BLOG: Wednesday is Anniversary of Devastating 1960 Earthquake
***Updated on Tuesday, May 21, to note that the tsunami from the May 22, 1960 Chilean earthquake arrived in Hilo on May 23.***
By now, news has spread of an earthquake that struck off the coast of Chile last night.
The tremor that occurred at 11:49 p.m., Hawaii time, was initially reported to have a magnitude of 6.8, but the US Geological Survey later downgraded it to 6.5.
According to the Pacific Tsunami Warning Center, no significant tsunami was generated, probably because it was centered more than 350 miles off Chile’s coast.
In fact, the Christian Science Monitor reported that Chile’s naval seismology office said it was not felt on land.
But any earthquakes from that region quickly attract the attention of scientists and emergency managers alike, especially those in Hawaii.
That’s because they stir memories of what the USGS describes as “the largest earthquake in the world,” the massive 9.5-magnitude tremor that occurred 53 years ago this Wednesday.
The strongest earthquake ever recorded was the result of a piece of the Pacific seafloor the size of California sliding 50 feet below the continent of South America in the area of south-central Chile.
The result, according to later research by geophysicist Gerard Freyer of the tsunami warning center, was the offshore slopes of the continent snapping upwards 20 feet as the coast dropped 10 feet.
The tsunami that land movement generated killed 1,655 people worldwide and left 2 million homeless.
A series of eight waves hitting Hawaii 15 hours later, in the early morning hours of May 23, reached heights of 35 feet in Hilo Bay, with the biggest cresting 14 feet above sea level at the Wailuku River bridge.

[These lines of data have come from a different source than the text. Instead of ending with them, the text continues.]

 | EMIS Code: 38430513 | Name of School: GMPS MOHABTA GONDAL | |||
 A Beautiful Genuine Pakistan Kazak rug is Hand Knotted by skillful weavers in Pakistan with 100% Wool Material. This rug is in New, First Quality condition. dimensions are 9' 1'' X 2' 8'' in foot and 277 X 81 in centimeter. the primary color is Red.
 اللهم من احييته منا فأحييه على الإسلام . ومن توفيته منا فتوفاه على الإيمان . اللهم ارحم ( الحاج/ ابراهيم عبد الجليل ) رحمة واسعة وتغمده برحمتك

The waves washed up to Kilauea-Keawe Street throughout the downtown area, and as far inland as Kekuanaoa Street, the road leading to the airport.

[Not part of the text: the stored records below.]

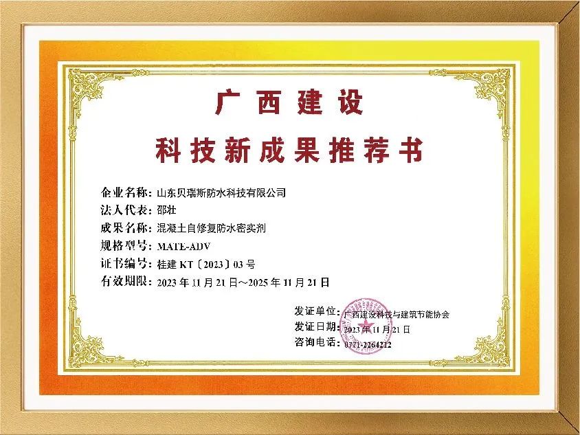 貝瑞斯mate-adv混凝土(tǔ)自(zì)修複防水(shuǐ)密實劑,憑借優異的(de)産品性能(néng),獲得(de)多(duō)方認可(kě),成功入選《廣西(xī)住ε房(fáng)城(chéng)鄉(xiāng)建設領域技(jì)術(shù)、工(gōng)藝、材料、設備和(hé)産品推廣應用(yφòng)目錄》。這(zhè)也(yě)是(shì)繼2023年(nián)11月(yuè)21日(rì)榮獲《廣西(x ī)建設科(kē)技(jì)新成果推薦書(shū)》之後,貝瑞斯在廣西(xī)地(dì)區(qū)取得(de)的(de)又(yòu)一(yī)項重要(yào)成果>和(hé)進展,為(wèi)brs複合防水(shuǐ)系統及mate系列産品在廣西(xī)壯族自(zì)治區(qū)的(de)推廣,打下"(xià)了(le)堅實基礎。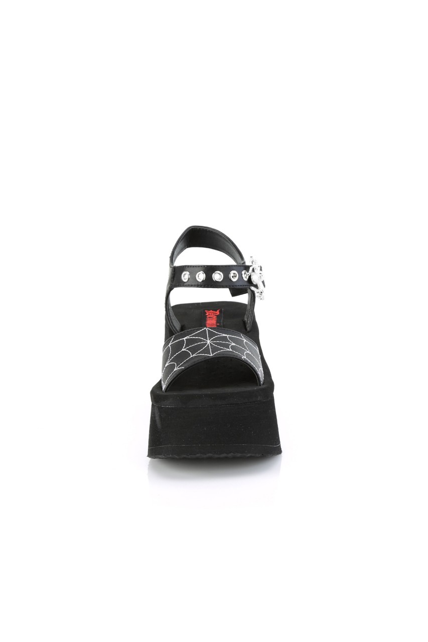 2 1/2″” (64 mm) Platform Ankle Strap Sandal, Featuring Silver-Tone Spider Shaped Buckle at Strap & Spider Web Embridoered Vamp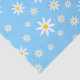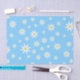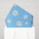 Weiße, dunkle Blume mit gelben Mittelklappen auf blau.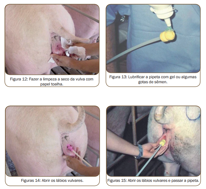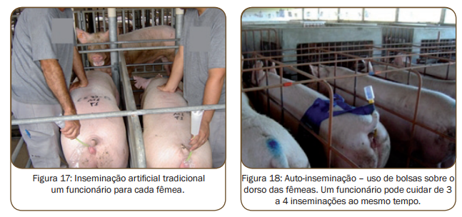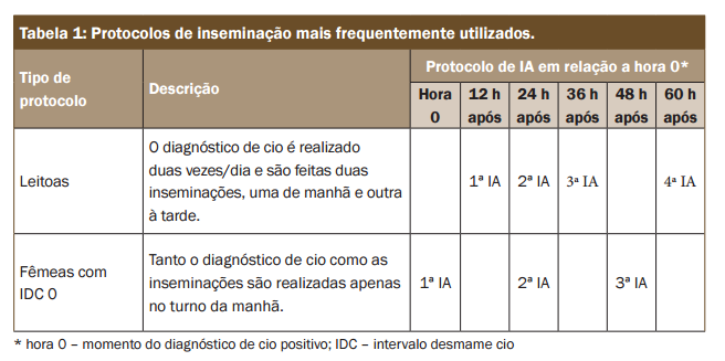 As fêmeas que estiverem em cio deverão ser incluídas em um protocolo de inseminação. Duas possibilidades estão descritas na tabela 1. Utilizam-se duas a três doses de sêmen com três bilhões de espermatozoides cada, distribuídas durante o cio em intervalos regulares, uma ou duas vezes ao dia.
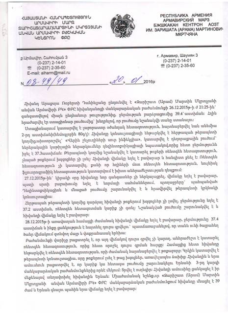 «Հիվանդ Արաքսյա Ռոբերտի Դանիելյանը ընդունվել է «Զարիշատ (Արամ) Մարտին Մկրտչյանի անվան Արմավիրի ԲԿ» ՓԲԸ հիվանդանոցի մանկաբարձական բաժանմունք 26.12.2015թ. ժամը 21:25-ին` գանգատվելով միայն ընդհանուր թուլությունից, ջերմության բարձրացումից՝ 39.4 աստիճան: Հղին հրաժարվել էր ստացիոնար բուժումից` խնդրելով, որ բուժումը նշանակվի տանը ստանալու: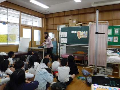 4年生の体重測定がありました。また,体重測定の前には3月3日の「耳の日」にちなんで,耳の働きについても学習しました。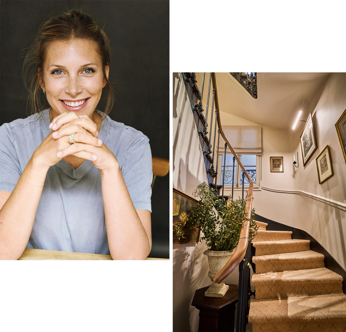 左:内装を手がけたジョアナ・アマトゥリィ。 右:額を飾った階段。ホテルというより個人の家といった雰囲気を彼女は作り上げた。絨毯のひし形モチーフは庭の格子棚からのインスピレーションだ。photography: ©RomainRicard

They left 61 people dead and damage estimated at $75 million.
The seismic hotbed along Chile’s coast – where the Nazca tectonic plate is sliding beneath South America at the rate of 23 feet per century – has produced three of the tremors on the USGS list of the world’s strongest earthquakes since 1900.

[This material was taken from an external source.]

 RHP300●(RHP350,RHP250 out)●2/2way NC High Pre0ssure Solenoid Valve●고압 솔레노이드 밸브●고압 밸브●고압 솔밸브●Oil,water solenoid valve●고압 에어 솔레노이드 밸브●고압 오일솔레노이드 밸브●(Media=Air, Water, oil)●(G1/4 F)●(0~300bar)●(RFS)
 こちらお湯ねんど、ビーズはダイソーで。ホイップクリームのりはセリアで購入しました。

The other, a 2010 quake measuring a magnitude of 8.8, produced sea level changes of less than three feet in Hawaii. But the tsunami it generated locally killed 523 people in Chile, damaged or destroyed 370,000 homes and displaced 800,000 residents. Total economic loss in the nation was estimated at $30 billion.
According to the USGS, the coast of Chile has also been the source of six other earthquakes with a magnitude of 8.2 or greater since the 1700s.
One with a magnitude of 9.0 in 1868 washed out a bridge in Hilo and killed 25,000 people worldwide. Another of 8.2-magnitude in 1906 created a tsunami that had a wave run-up of 11 feet above sea level in Hawaii.
Tsnumami preparedness is the topic of a workshop Tuesday organized by the Pacific Tsunami Museum and the Hilo Downtown Improvement Association.